In my Greek, "rinse (someone)" is ξεβγάζω (not *ξεβγαίνω) and "rinse oneself" is ξεβγάζομαι; the respective aorist forms are indeed ξέβγαλα and ξεβγάλθηκα..
But there is no doubt that μπαίνω, βγαίνω, ανεβαίνω, κατεβαίνω etc., being intransitive, do NOT have a passive voice at all. The aorists μπήκα, βγήκα, ανέβηκα... are ACTIVE, despite their form. Even υπερβαίνω (=exceed) and παραβαίνω (=contravene, break (a law)), despite being clearly transitive, are not used in the passive.


----------



## bearded

Αγγελος said:


> In my Greek, "rinse (someone)" is ξεβγάζω (not *ξεβγαίνω) and "rinse oneself" is ξεβγάζομαι; the respective aorist forms are indeed ξέβγαλα and ξεβγάλθηκα..
> But there is no doubt that μπαίνω, βγαίνω, ανεβαίνω, κατεβαίνω etc., being intransitive, do NOT have a passive voice at all. The aorists μπήκα, βγήκα, ανέβηκα... are ACTIVE, despite their form. Even υπερβαίνω (=exceed) and παραβαίνω (=contravene, break (a law)), despite being clearly transitive, are not used in the passive.


If xevgala is the aorist of xevgazo,  where does the l (lamvda) come from?  Anything to do with ancient 'ekballo'?


----------



## joeydim

bearded man said:


> If xevgala is the aorist of xevgazo,  where does the l (lamvda) come from?  Anything to do with ancient 'ekballo'?



It has nothing to do with εκβάλλω. The root word for βγάζωis* βαίνω* while the root word of εκβάλλω is* βάλλω*.  Έβγαλα is just the past tense.


----------



## Perseas

bearded man said:


> If xevgala is the aorist of xevgazo,  where does the l (lamvda) come from?  Anything to do with ancient 'ekballo'?


According to Prof. Babiniotis etymological dictionary:
Whereas the present tense _βγάζω_ comes from the ancient verb _εκβιβάζω_,  the aorist _έβγαλα_ comes down to the medieval _βγάλλω < εβγάλλω < anc. εκβάλλω_.


----------



## Αγγελος

Perseas said:


> According to Prof. Babiniotis etymological dictionary:
> Whereas the present tense _βγάζω_ comes from the ancient verb _εκβιβάζω_,  the aorist _έβγαλα_ comes down to the medieval _βγάλλω < εβγάλλω < anc. εκβάλλω_.

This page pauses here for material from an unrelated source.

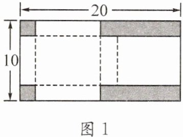 9. (2025·编写)如图1,将一张长20cm、宽10cm的长方形硬纸片裁剪掉图中阴影部分之后,恰好折成如图2所示的有盖纸盒,纸盒的底面积为$48cm^2.$求该有盖纸盒的高.

Manifestly, there has occurred a sort of cross-contamination between the ancient verbs βάλλω (aorist έβαλον, aorist subjunctive βάλω) and βιβάζω.
The simple verbs gave our modern verb βάζω, aorist έβαλα, subjunctive (να) βάλω.
With the prefix εκ-- we got βγάζω / έβγαλα / (να) βγάλω
Other compound verbs follow the βιβάζω paradigm: μπάζω/έμπασα, ανεβάζω/ανέβασα, κατεβάζω/κατέβασα...

The corresponding intransitive verbs come from ancient βαίνω: μπαίνω (from εμ-βαίνω), βγαίνω (from εκ-βαίνω), ανεβαίνω...

Moreover, a great many verbs were re-borrowed into the language in modern times, without having been in continuous use thorough the centuries. Those are closer to the ancient forms:
- αναβάλλω (=postpone), aorist ανέβαλα , aorist subjunctive (να) αναβάλω [with just one λ, as opposed to the present that has two]
- επιβάλλω (=impose), aorist επέβαλα , aorist subjunctive (να) επιβάλω [with just one λ, as opposed to the present that has two]
- διαβιβάζω (transmit), aorist διαβίβασα, aorist subjunctive (να) διαβιβάσω [not to be confused with διαβάζω=read, nor with διαβάλλω=slander]
etc.


----------



## klitosp

My friend *Ntwson*, this is your answer:

The aorist of the following verbs is:

βγαίνω :   βγήκα     ( come out , go out , get out , exit )
βγάζω :   έβγαλα     ( take off , take out , remove )

πληρώνω : πλήρωσα    
πληρώνομαι : πληρώθηκα   (passive voice)

αγοράζω :  αγόρασα    
αγοράζομαι : αγοράστηκα  (passive voice)   _( ο πίνακας *αγοράστηκε* από τον παππού μου πριν από 50 χρόνια_ )


I hope I helped you

Ηράκλειτος


----------